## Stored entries
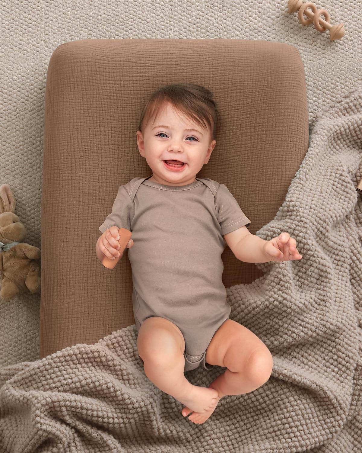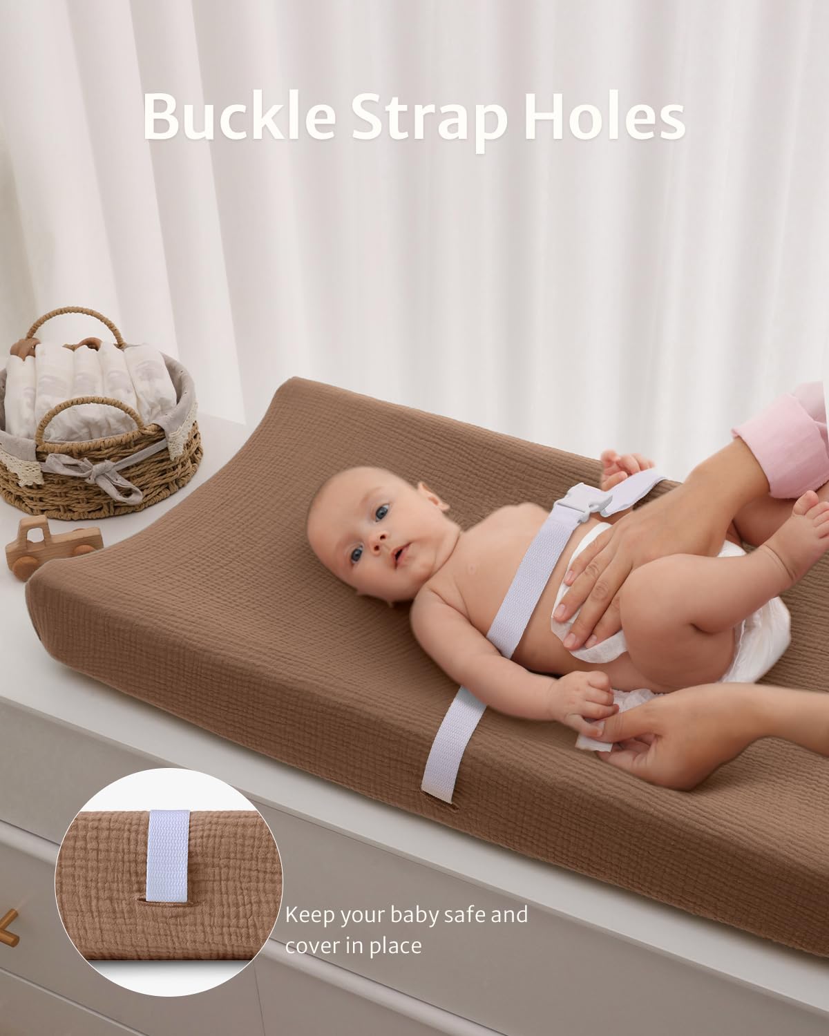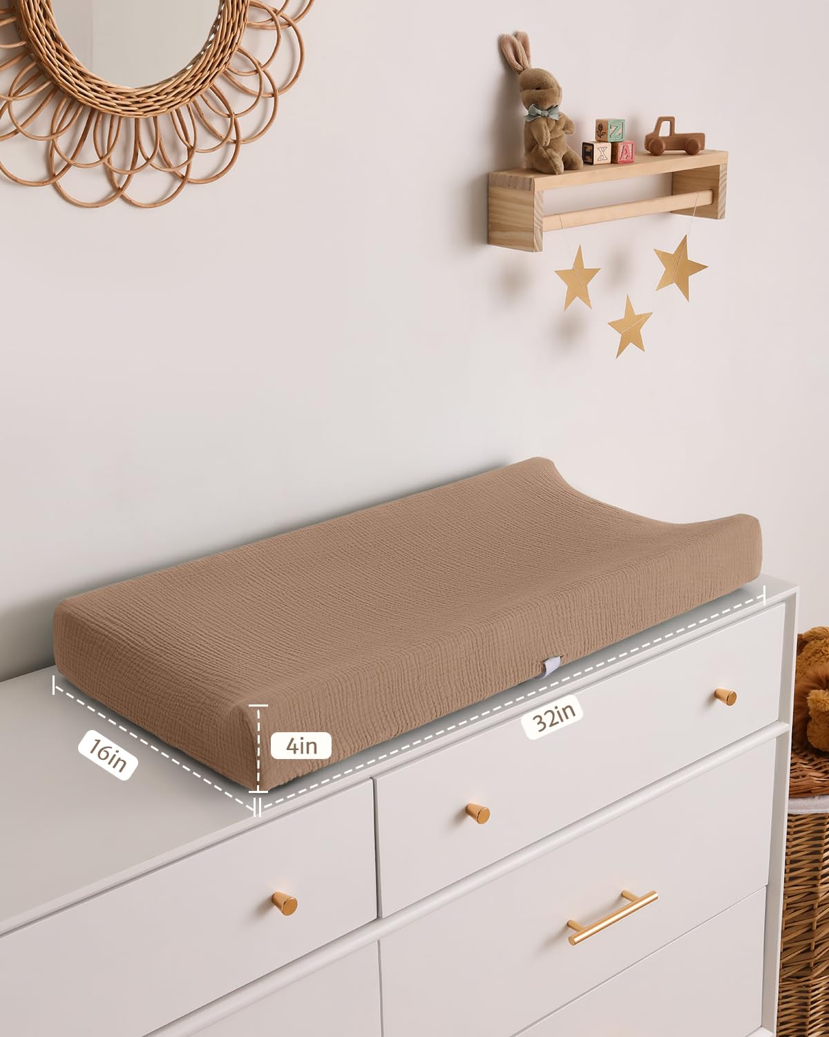 Muslin Cotton: Our changing pad covers are made of muslin cotton, with a smooth surface and comfortable touch,features a light drapability and rigidity, suitable for your baby's delicate skin
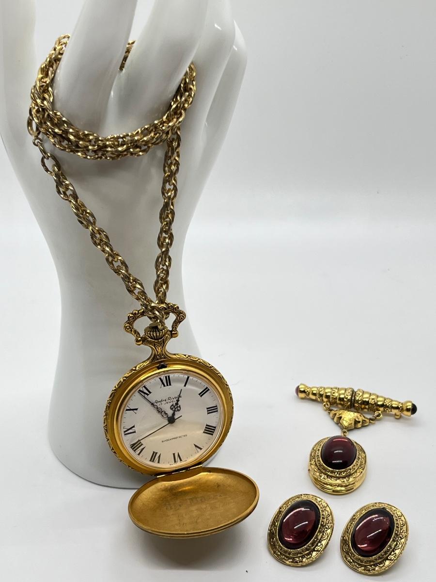 LOT 178J: Andre Revalle 17 Jewels Watch on Chain and More
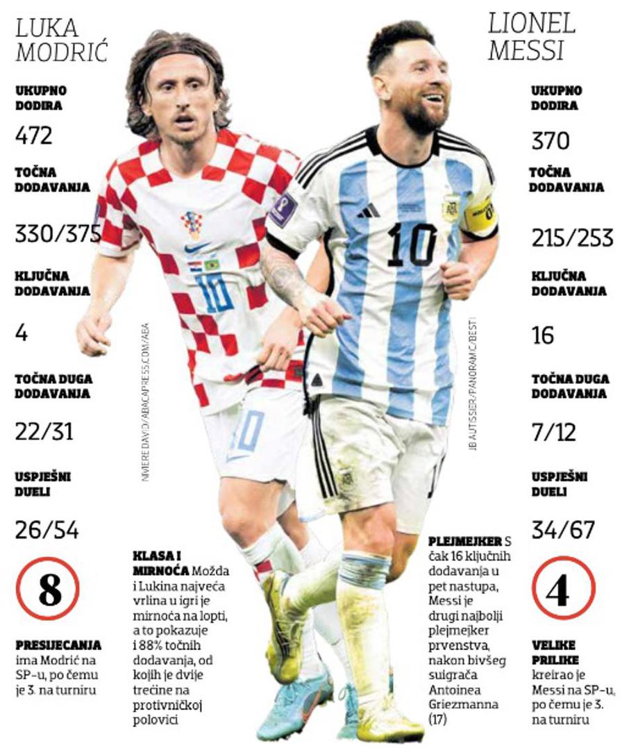 Ta činjenica da vas Hrvatska nerijetko zna iznervirati s loptom u nogama kad možda želite i pritisnuti, zna izluditi velike momčadi, a Argentina, koja se voli braniti agresivno i temperamentno, mora pripaziti jer Luka Modrić i Mateo Kovačić su među najboljim veznim igračima svijeta u izbjegavanju pritiska driblingom ili dodavanjem čime si često stvore povoljne situacije.
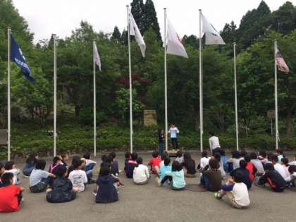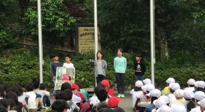 5校そろっての朝の集いでは、各校の素晴らしさを紹介しあいました。岩倉北の発表者もよくがんばっていました。
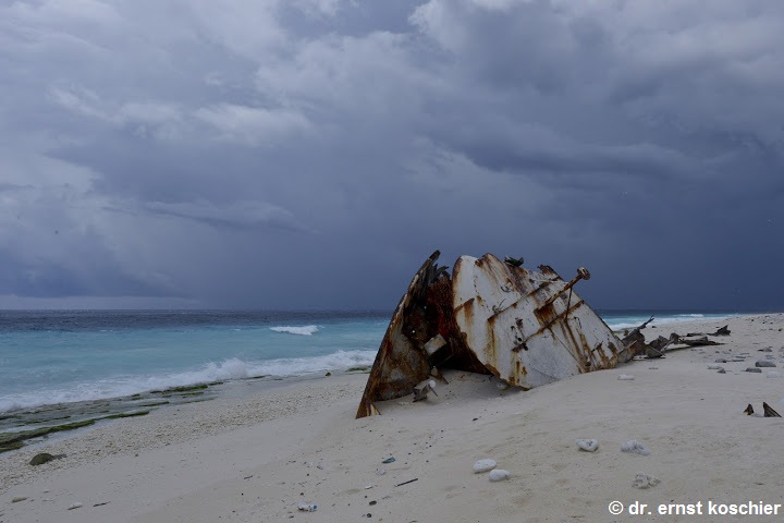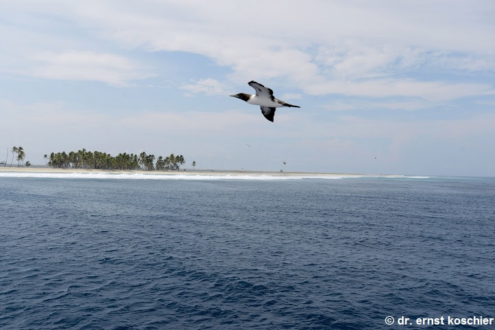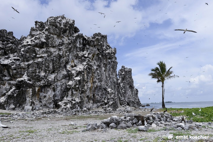 Today is our fourth day on location at Clipperton Atoll aka Isle of Passion. Its more romantic sounding name coming from the time when a Mexican navy sector was stationed on the island during the early 1900’s and then forgotten about when the Mexican revolution started. The navy personnel and their families, who had previously depended on navy resupply ships for their stores, were left to fend for themselves. This invariably led to disease and madness. As the story goes, the last surviving man on the island declared himself the King of Clipperton (a title that has been claimed many times since on the Explorers 5 visits here), and began to rape and murder the remaining women. The women eventually revolted and murdered the self proclaimed King before being rescued finally by an American navy vessel.
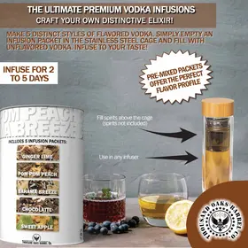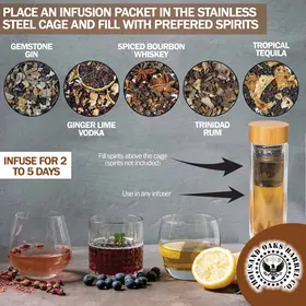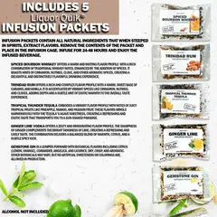 Liquor Quik® Infusion Kit – Premium Alcohol Infuser Bottle with Stainless Steel Cage & 5 Gourmet Spirit Infusion Packets
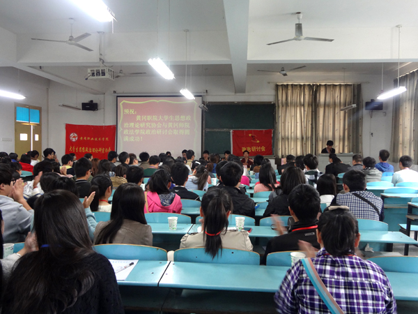 2013年10月27日上午XK星空大学生思想政治理论研究协会(以下简称黄冈职院政研会)在育贤阁104教室成功举办黄冈职院政研会与黄冈师范学院政治研讨会第三届交流会。出席此次会议的嘉宾有:黄冈师范学院政法学院辅导员项彦超老师、黄冈职院政研会指导老师尹田生老师,黄冈职院社团联合会部长陈文峰,黄冈师院政治研讨会和黄冈职院政研会负责人。黄冈师范学院政治研讨会和黄冈职院政研会全体成员以及各兄弟社团代表100多人参加交流会。会议由黄冈职院政研会副会长刘迁主持。
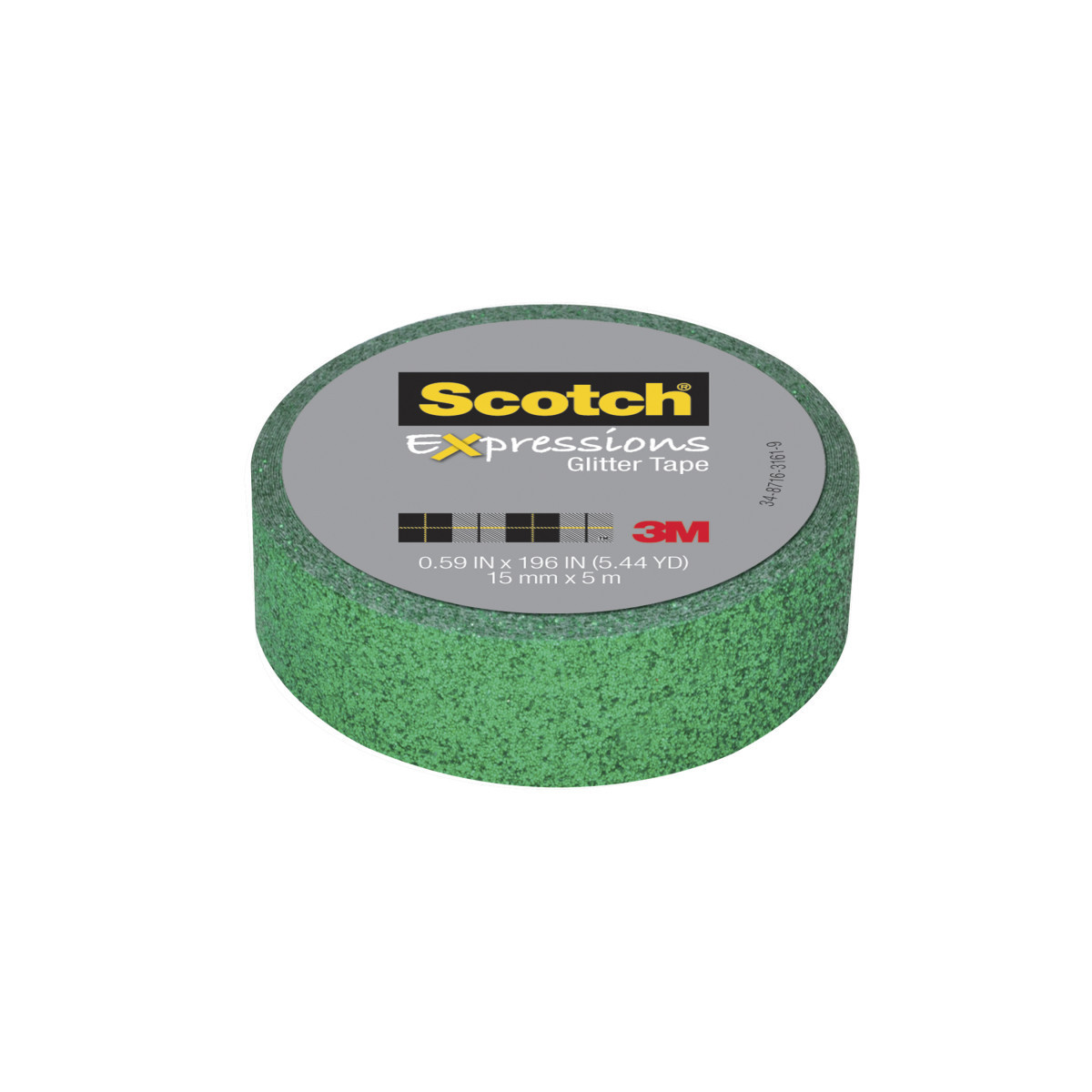 Scotch® Expressions Glitter Tape, .59" x 196", Dark Green Glitter
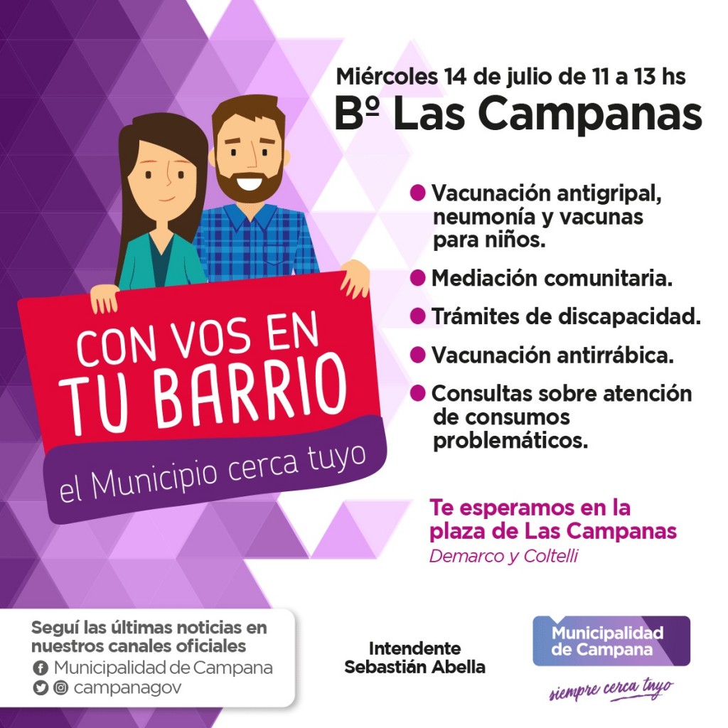 (Campana, 12.Jul.2021 / A1 Noticias)El programa municipal “Con vos en tu barrio” llegará este miércoles a Las Campanas para que los vecinos puedan realizar trámites y acceder a información en la cercanía de sus hogares.
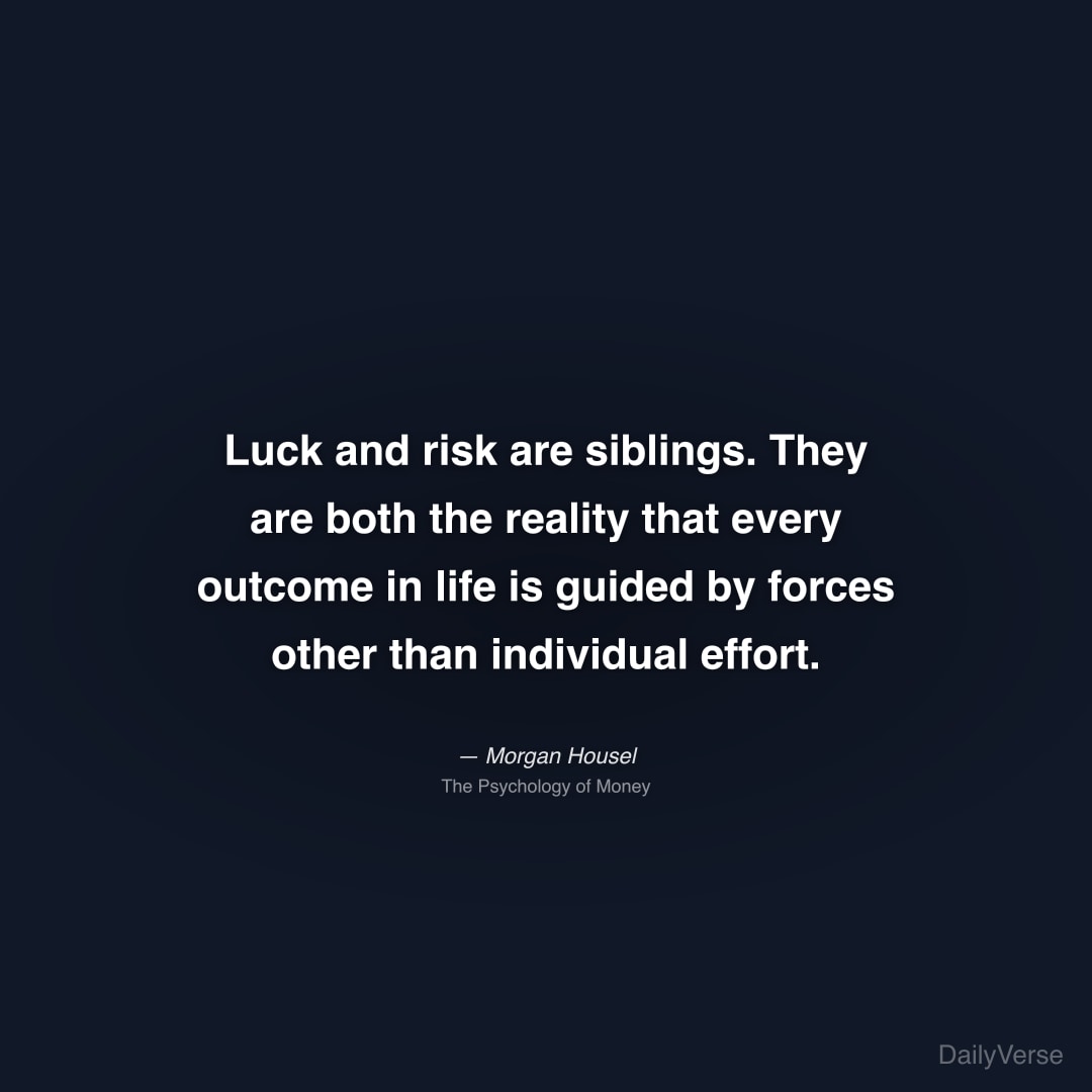 "Luck and risk are siblings. They are both the reality that every outcome in life is guided by forces other than individual effort." — Morgan Housel
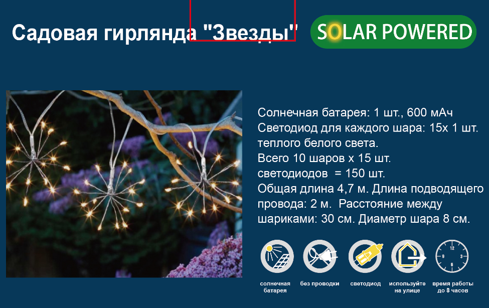 Гирлянда на солнечной батарее предназначена для декоративной подсветки на улице. Не требует подключения к сети, что сильно облегчает его установку. На гирлянде есть кнопка вкл/выкл для регулирования подсветки в темное время суток.
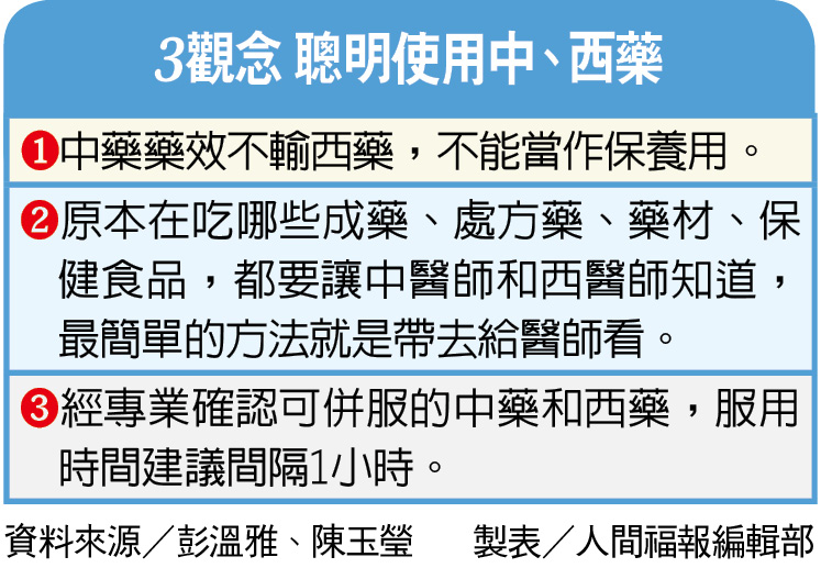 ❸經專業確認可併服的中藥和西藥,服用時間建議間隔1小時。

## Task objective
The copy must match each record exactly, apart from the images, which stay out.

## Task response
 Muslin Cotton: Our changing pad covers are made of muslin cotton, with a smooth surface and comfortable touch,features a light drapability and rigidity, suitable for your baby's delicate skin
 LOT 178J: Andre Revalle 17 Jewels Watch on Chain and More
 Ta činjenica da vas Hrvatska nerijetko zna iznervirati s loptom u nogama kad možda želite i pritisnuti, zna izluditi velike momčadi, a Argentina, koja se voli braniti agresivno i temperamentno, mora pripaziti jer Luka Modrić i Mateo Kovačić su među najboljim veznim igračima svijeta u izbjegavanju pritiska driblingom ili dodavanjem čime si često stvore povoljne situacije.
 5校そろっての朝の集いでは、各校の素晴らしさを紹介しあいました。岩倉北の発表者もよくがんばっていました。
 Today is our fourth day on location at Clipperton Atoll aka Isle of Passion. Its more romantic sounding name coming from the time when a Mexican navy sector was stationed on the island during the early 1900’s and then forgotten about when the Mexican revolution started. The navy personnel and their families, who had previously depended on navy resupply ships for their stores, were left to fend for themselves. This invariably led to disease and madness. As the story goes, the last surviving man on the island declared himself the King of Clipperton (a title that has been claimed many times since on the Explorers 5 visits here), and began to rape and murder the remaining women. The women eventually revolted and murdered the self proclaimed King before being rescued finally by an American navy vessel.
 Liquor Quik® Infusion Kit – Premium Alcohol Infuser Bottle with Stainless Steel Cage & 5 Gourmet Spirit Infusion Packets
 2013年10月27日上午XK星空大学生思想政治理论研究协会(以下简称黄冈职院政研会)在育贤阁104教室成功举办黄冈职院政研会与黄冈师范学院政治研讨会第三届交流会。出席此次会议的嘉宾有:黄冈师范学院政法学院辅导员项彦超老师、黄冈职院政研会指导老师尹田生老师,黄冈职院社团联合会部长陈文峰,黄冈师院政治研讨会和黄冈职院政研会负责人。黄冈师范学院政治研讨会和黄冈职院政研会全体成员以及各兄弟社团代表100多人参加交流会。会议由黄冈职院政研会副会长刘迁主持。
 Scotch® Expressions Glitter Tape, .59" x 196", Dark Green Glitter
 (Campana, 12.Jul.2021 / A1 Noticias)El programa municipal “Con vos en tu barrio” llegará este miércoles a Las Campanas para que los vecinos puedan realizar trámites y acceder a información en la cercanía de sus hogares.
 "Luck and risk are siblings. They are both the reality that every outcome in life is guided by forces other than individual effort." — Morgan Housel
 Гирлянда на солнечной батарее предназначена для декоративной подсветки на улице. Не требует подключения к сети, что сильно облегчает его установку. На гирлянде есть кнопка вкл/выкл для регулирования подсветки в темное время суток.
 ❸經專業確認可併服的中藥和西藥,服用時間建議間隔1小時。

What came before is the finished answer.